(Data excerpts)
*** Block opens ***
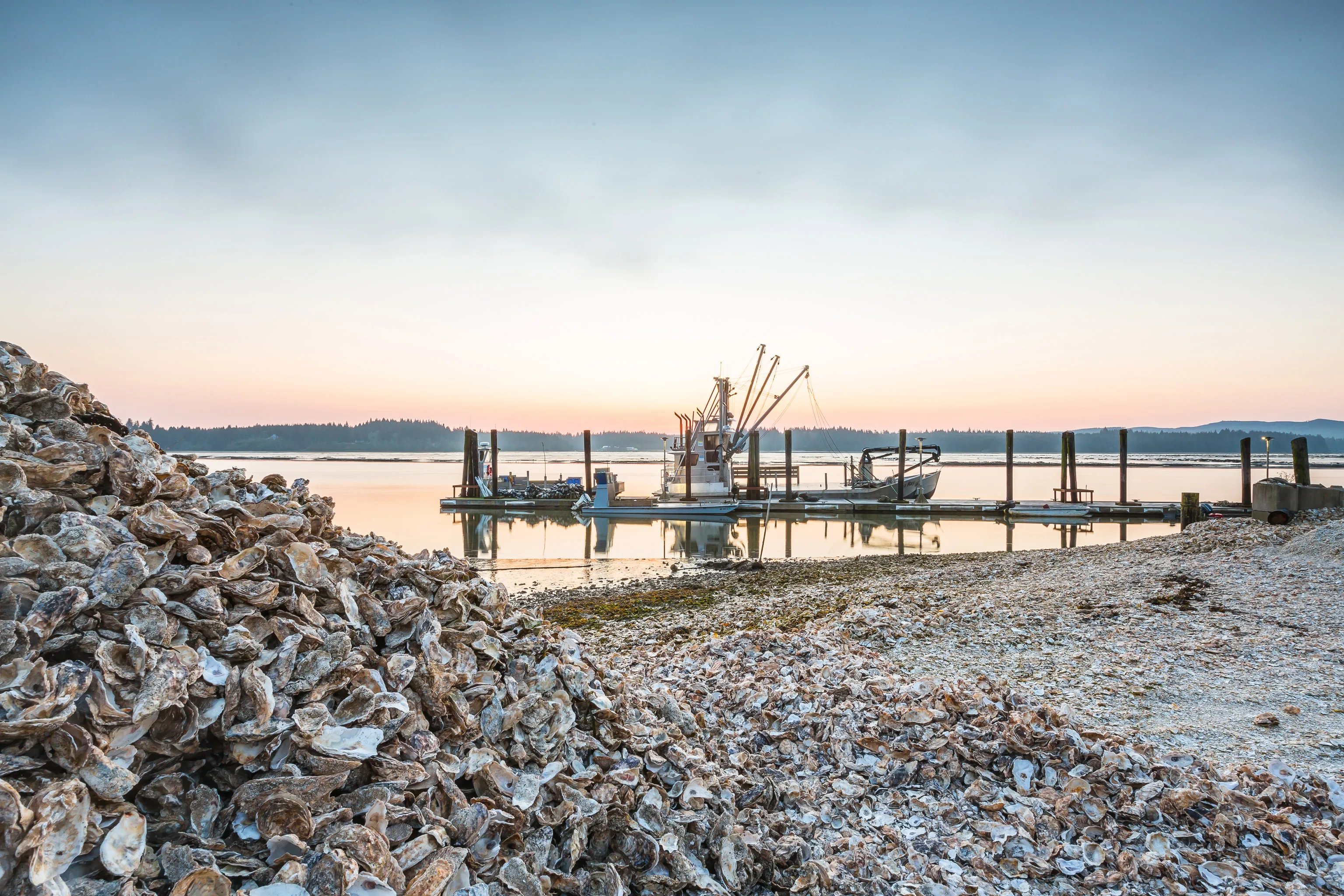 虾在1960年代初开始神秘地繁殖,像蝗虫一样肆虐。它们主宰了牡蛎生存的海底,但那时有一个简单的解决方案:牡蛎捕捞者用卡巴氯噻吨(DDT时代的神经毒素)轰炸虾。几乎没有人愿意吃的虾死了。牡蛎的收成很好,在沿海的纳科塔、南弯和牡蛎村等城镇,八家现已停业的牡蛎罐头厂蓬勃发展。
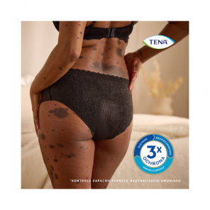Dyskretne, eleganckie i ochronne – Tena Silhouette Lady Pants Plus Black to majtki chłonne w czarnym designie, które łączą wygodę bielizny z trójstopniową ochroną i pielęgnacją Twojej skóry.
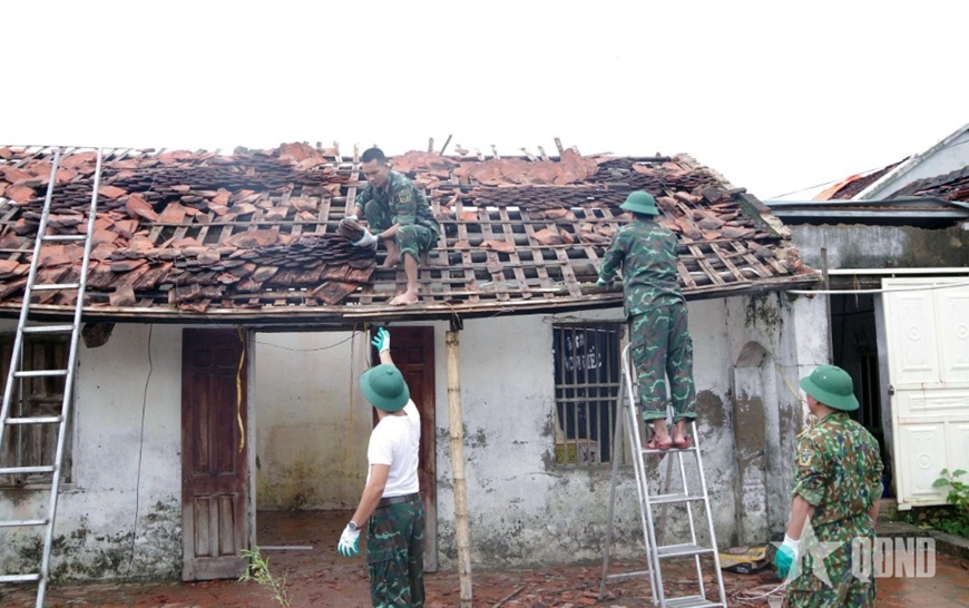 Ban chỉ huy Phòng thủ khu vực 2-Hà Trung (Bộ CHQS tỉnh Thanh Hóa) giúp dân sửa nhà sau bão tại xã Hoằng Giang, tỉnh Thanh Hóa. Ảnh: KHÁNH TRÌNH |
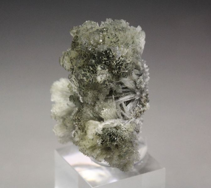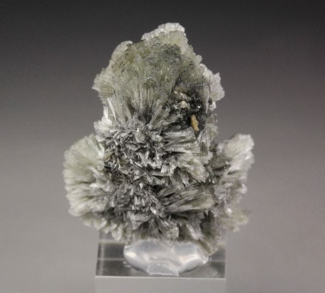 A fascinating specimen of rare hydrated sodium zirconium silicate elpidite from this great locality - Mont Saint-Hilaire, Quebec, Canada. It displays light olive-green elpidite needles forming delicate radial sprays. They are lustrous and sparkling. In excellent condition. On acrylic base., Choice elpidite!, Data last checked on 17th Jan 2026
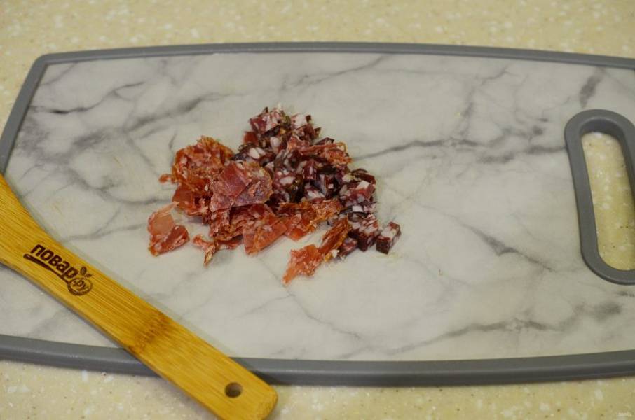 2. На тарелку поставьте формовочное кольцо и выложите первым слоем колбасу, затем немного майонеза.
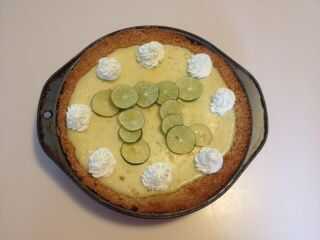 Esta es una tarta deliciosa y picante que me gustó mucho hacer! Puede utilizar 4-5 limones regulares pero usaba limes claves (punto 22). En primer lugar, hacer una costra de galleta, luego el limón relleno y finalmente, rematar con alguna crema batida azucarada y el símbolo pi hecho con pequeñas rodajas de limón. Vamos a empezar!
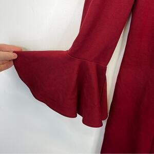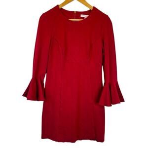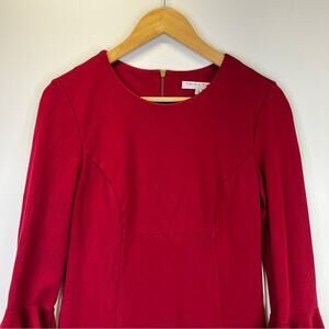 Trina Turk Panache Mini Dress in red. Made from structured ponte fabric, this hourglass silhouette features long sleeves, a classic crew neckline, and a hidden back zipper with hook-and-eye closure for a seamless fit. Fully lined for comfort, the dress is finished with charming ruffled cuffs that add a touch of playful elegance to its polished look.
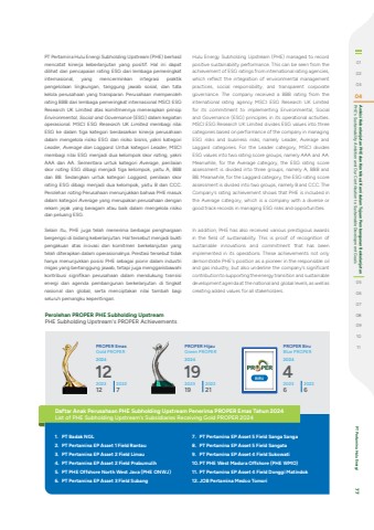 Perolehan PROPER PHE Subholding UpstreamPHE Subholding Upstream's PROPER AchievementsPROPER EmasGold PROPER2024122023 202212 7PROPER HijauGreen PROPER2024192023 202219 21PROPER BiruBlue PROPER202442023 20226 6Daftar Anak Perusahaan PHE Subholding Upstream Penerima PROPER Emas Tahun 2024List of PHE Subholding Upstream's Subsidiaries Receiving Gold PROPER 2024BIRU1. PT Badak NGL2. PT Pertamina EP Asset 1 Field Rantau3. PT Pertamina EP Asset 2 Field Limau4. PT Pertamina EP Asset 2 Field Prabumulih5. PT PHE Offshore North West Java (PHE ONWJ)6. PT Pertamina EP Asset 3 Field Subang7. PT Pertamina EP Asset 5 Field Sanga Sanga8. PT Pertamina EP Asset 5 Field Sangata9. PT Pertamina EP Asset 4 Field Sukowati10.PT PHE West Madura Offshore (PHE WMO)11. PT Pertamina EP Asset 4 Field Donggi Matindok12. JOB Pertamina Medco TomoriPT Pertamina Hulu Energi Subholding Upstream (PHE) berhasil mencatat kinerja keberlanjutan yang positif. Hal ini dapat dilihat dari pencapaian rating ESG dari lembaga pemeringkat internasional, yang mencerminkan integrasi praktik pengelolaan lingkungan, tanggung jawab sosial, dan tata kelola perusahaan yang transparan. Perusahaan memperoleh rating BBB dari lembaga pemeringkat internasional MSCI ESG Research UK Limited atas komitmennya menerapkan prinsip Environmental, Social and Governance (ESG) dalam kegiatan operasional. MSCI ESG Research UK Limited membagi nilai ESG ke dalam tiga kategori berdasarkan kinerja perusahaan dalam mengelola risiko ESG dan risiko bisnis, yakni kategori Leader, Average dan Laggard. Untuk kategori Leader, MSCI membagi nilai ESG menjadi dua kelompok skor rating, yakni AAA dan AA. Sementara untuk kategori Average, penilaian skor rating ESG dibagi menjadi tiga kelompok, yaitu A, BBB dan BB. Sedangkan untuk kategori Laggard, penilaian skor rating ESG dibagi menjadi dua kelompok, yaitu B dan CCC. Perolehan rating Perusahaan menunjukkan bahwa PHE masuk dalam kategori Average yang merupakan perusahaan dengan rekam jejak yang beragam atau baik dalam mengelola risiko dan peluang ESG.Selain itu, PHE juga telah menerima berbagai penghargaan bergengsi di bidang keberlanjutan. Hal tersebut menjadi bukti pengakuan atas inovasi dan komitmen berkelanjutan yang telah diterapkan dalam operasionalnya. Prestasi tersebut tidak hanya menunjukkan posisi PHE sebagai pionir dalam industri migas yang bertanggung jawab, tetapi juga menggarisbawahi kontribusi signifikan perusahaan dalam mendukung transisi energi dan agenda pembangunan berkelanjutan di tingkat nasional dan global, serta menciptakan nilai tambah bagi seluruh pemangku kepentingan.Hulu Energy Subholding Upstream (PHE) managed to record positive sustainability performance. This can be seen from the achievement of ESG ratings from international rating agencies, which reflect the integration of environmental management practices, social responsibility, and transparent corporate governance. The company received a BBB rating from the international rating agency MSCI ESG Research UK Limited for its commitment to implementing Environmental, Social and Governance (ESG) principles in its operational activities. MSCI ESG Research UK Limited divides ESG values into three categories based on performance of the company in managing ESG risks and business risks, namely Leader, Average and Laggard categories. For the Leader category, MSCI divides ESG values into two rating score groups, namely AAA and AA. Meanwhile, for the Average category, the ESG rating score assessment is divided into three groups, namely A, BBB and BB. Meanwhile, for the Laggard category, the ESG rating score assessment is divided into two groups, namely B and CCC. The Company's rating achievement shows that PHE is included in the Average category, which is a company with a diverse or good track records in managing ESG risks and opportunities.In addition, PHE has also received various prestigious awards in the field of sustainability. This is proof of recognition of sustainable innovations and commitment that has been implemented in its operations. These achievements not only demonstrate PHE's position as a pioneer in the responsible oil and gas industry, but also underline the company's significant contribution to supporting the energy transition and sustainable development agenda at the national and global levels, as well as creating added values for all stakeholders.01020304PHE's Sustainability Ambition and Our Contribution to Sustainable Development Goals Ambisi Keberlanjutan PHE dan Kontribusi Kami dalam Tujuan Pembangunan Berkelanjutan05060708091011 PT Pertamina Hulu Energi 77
*** Block closes ***
*** Block opens ***
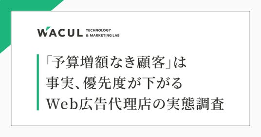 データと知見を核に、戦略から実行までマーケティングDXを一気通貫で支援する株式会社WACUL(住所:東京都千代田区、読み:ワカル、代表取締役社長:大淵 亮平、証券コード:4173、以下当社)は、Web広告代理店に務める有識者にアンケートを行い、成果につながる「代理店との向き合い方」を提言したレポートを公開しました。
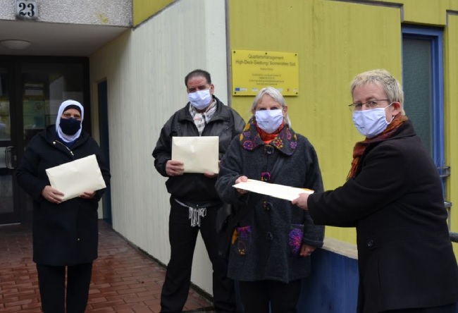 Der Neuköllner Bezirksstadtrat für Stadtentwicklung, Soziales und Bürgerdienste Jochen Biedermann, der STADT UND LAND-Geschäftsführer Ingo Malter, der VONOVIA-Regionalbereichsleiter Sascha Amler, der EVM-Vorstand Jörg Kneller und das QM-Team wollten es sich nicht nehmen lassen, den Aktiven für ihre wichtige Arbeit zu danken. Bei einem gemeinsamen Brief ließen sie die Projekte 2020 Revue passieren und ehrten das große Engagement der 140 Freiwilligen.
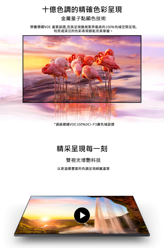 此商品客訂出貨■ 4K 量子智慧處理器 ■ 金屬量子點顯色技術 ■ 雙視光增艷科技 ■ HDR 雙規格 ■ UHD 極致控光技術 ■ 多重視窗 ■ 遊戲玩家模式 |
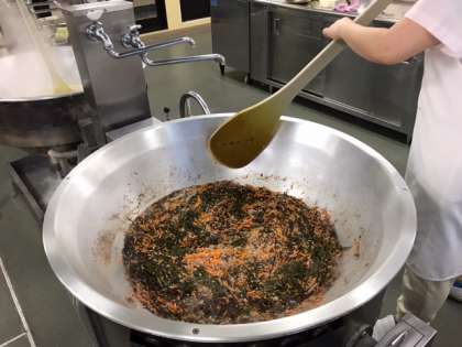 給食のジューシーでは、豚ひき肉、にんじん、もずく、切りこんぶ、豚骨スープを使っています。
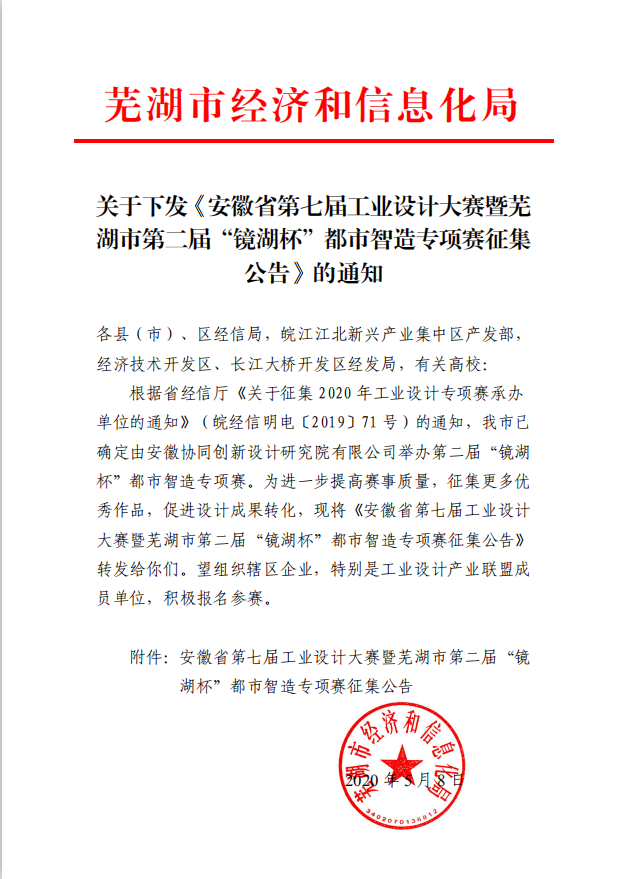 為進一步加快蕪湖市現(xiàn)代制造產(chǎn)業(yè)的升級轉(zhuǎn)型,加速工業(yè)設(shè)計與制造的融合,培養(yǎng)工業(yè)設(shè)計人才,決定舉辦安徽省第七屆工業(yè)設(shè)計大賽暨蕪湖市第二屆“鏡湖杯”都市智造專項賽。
*** Block closes ***
*** Block opens ***
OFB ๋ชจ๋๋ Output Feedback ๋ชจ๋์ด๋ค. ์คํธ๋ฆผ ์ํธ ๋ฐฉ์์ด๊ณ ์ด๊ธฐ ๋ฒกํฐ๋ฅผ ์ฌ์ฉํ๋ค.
*** Block closes ***
(Action item) Starting with the line above that holds "虾在1960年代初开始神秘地", restate each line word for word up to and including the line that holds "Dyskretne, eleganckie i". Drop the pictures.

(Reply)
 虾在1960年代初开始神秘地繁殖,像蝗虫一样肆虐。它们主宰了牡蛎生存的海底,但那时有一个简单的解决方案:牡蛎捕捞者用卡巴氯噻吨(DDT时代的神经毒素)轰炸虾。几乎没有人愿意吃的虾死了。牡蛎的收成很好,在沿海的纳科塔、南弯和牡蛎村等城镇,八家现已停业的牡蛎罐头厂蓬勃发展。
Dyskretne, eleganckie i ochronne – Tena Silhouette Lady Pants Plus Black to majtki chłonne w czarnym designie, które łączą wygodę bielizny z trójstopniową ochroną i pielęgnacją Twojej skóry.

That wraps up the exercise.